Она хмурится и понимает, что он снова о чём-то не договаривает и, кажется, выяснил что-то новое.
– Ты что-то скрываешь от меня.
Том долго смотрит ей в глаза, словно что-то взвешивая, затем поднимается на ноги, поправляя рубашку, и помогает подняться ей, протягивая руку и произнося:
– Сходи пока в ванную и приведи себя в порядок, а я принесу что-нибудь поесть.
– Холостяцкая берлога пополнилась едой? Вау! – не сдерживает смешок Гермиона и направляется к выходу из гостиной.
– Сейчас кто-то будет сидеть голодной и больше не приблизится ко мне ни на шаг, – слышит насмешливый ответ за спиной, после чего закатывает глаза, не сдержав улыбку от того, что Том оценил её шуточки в его стиле, и кричит уже из коридора:
– Значит кто-то пойдёт искать на пятую точку приключения в поисках еды и тепла, а потом кому-то придётся спасать и возвращать свои слова обратно!
– Домашний арест, Грейнджер. Я без шуток!
– Будто я пошутила, – себе под нос бубнит Гермиона и заходит в ванную.
– Ещё раз повтори, – требует Том, оказавшийся за её спиной так неожиданно, что она испуганно подпрыгивает и оборачивается на него.
– Твою мать, зачем так пугать? – морщится, спокойно отворачивается и подходит к умывальнику, чтобы включить воду.
– Ещё раз повтори, – второй раз требует Том, плечом опираясь о косяк двери, скрещивая руки на груди.
– Я пошутила, честно, – сдаётся Гермиона и отводит открытый кран в сторону.
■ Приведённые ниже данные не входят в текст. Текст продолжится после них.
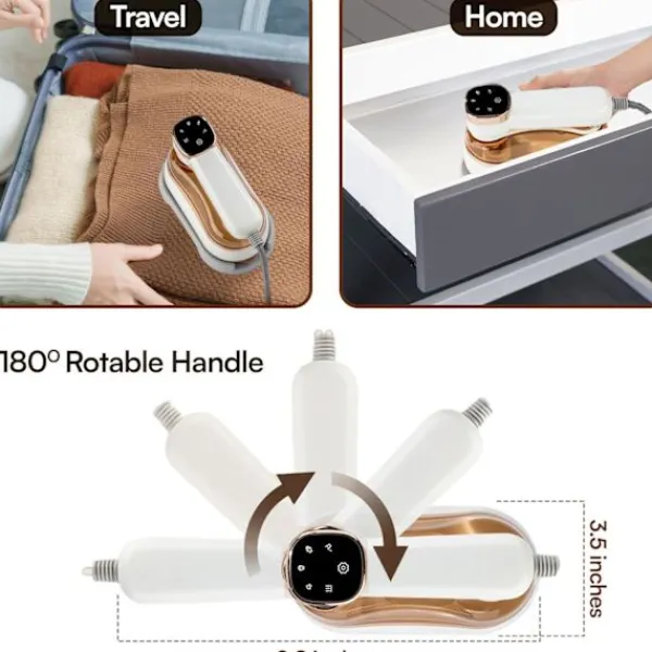 Lättviktig och resevänlig design – Kompakt och lätt för enkel bärbarhet. Perfekt för resor eller hemmabruk, den får plats i bagaget eller garderoben, vilket gör den perfekt för snabba uppfräschningar på resande fot eller effektiv daglig strykning hemma.
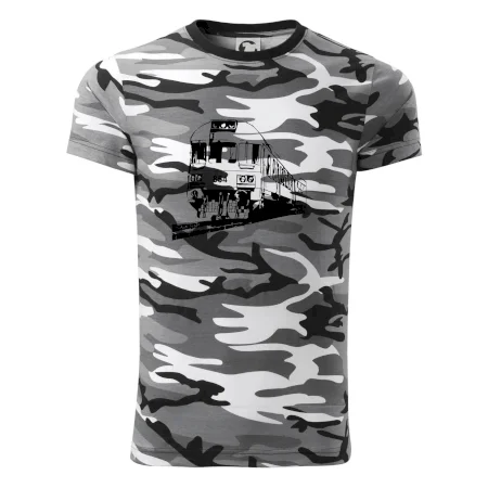 Tričko strednej gramáže vo farbách camouflage. Strih s bočnými švami. Lem priekrčníku z rebrového úpletu s prídavkom 5% elastanu. Vnútorná časť zadného priekrčníka začistená páskou vo farbe camouflage.
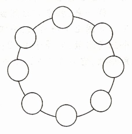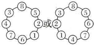 把 1~8 这八个自然数分别填入大圆上的八个小圆圈内,使任意相邻两个小圆圈内数的和都是质数。
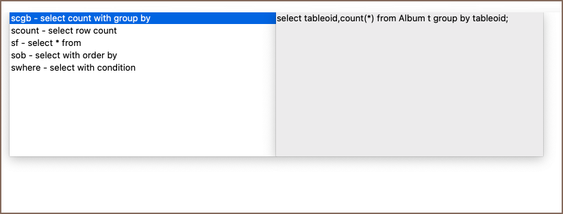 To view available templates, press Ctrl+Alt+SPACE (⌃+⌥+SPACE on macOS) or right-click within the script panel and select SQL Template from the context menu. A list of available templates will appear:
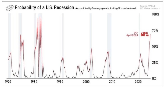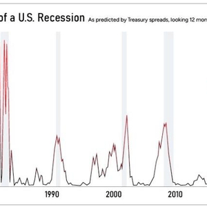 高利息会减缓经济增长,因为它会抑制支出和承担新债务。在下面的图表中看到,人们已经预料到了更为悲观的经济形势,这是自1983年以来的最高概率。
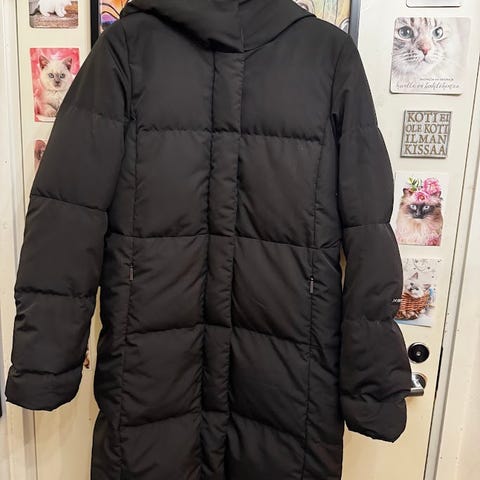Joutsen Viivi Talvitakki, untuvaa, väriltään musta ja naisten koossa M. (Sanoisin että vastaa kokoa 40).

– Надеюсь, осознаёшь, что тебя ждёт, когда отправишься искать еду и тепло в другом месте.
– Более того, осознаю, что будет с тем, у кого найду это, – на выдохе произносит она и подходит к Тому. – Выйди и закрой с той стороны дверь.
– Я могу закрыть и с этой, – с озорной улыбкой отзывается он, закусывая губу, чтобы не рассмеяться.
– Я сказала, выйди. Чем быстрее ты это сделаешь, тем быстрее накормишь меня…
– После услышанного я не могу оставить тебя одну даже здесь, – ехидно подмечает Том.
– Думаешь, я смоюсь в канализацию и сбегу от тебя по трубам? Нет, такие перспективы не по мне в отличие от некоторых, – парирует Гермиона и с удовольствием улавливает, как Том реагирует на её намёк на Тайную комнату.
– Кому-то через минуту вырвут язык.
– Кому-то не понравится потом целоваться и выжимать из меня магию.
– Кстати за тобой должок, Грейнджер.
– Эй! Какой? – не понимает Гермиона, наблюдая, как Том невозмутимо выходит из комнатки и направляется на кухню.
– Ночью расскажу, – хмыкая, бросает назад, отчего та закатывает глаза, затем громко хлопает дверью, задвигает щеколду и поворачивается к струящейся воде.
Том – невероятно сложный человек. Никогда не знаешь, что он сделает в следующую секунду: улыбнётся?.. гневно сверкнёт глазами?.. или примет безразличный вид, полностью обесценивая слова собеседника?
Он слишком редко шутил, чтобы сейчас Гермиона, забираясь под тёплый душ, не улыбалась.
Хоть сейчас было не до смеха.
Подставляя воде уставшее лицо, она морщится, и тяжесть ситуации снова ложится на плечи, напоминая о том, почему она оказалась именно здесь, в этом доме, а не в доме своих родителей и то должна оказаться только через месяц. Буквально некоторое время назад она рассталась с друзьями на вокзале и каждый остался при своих мыслях, захламляя голову крестражами, фальшивым медальоном и тем, что же их ждёт дальше.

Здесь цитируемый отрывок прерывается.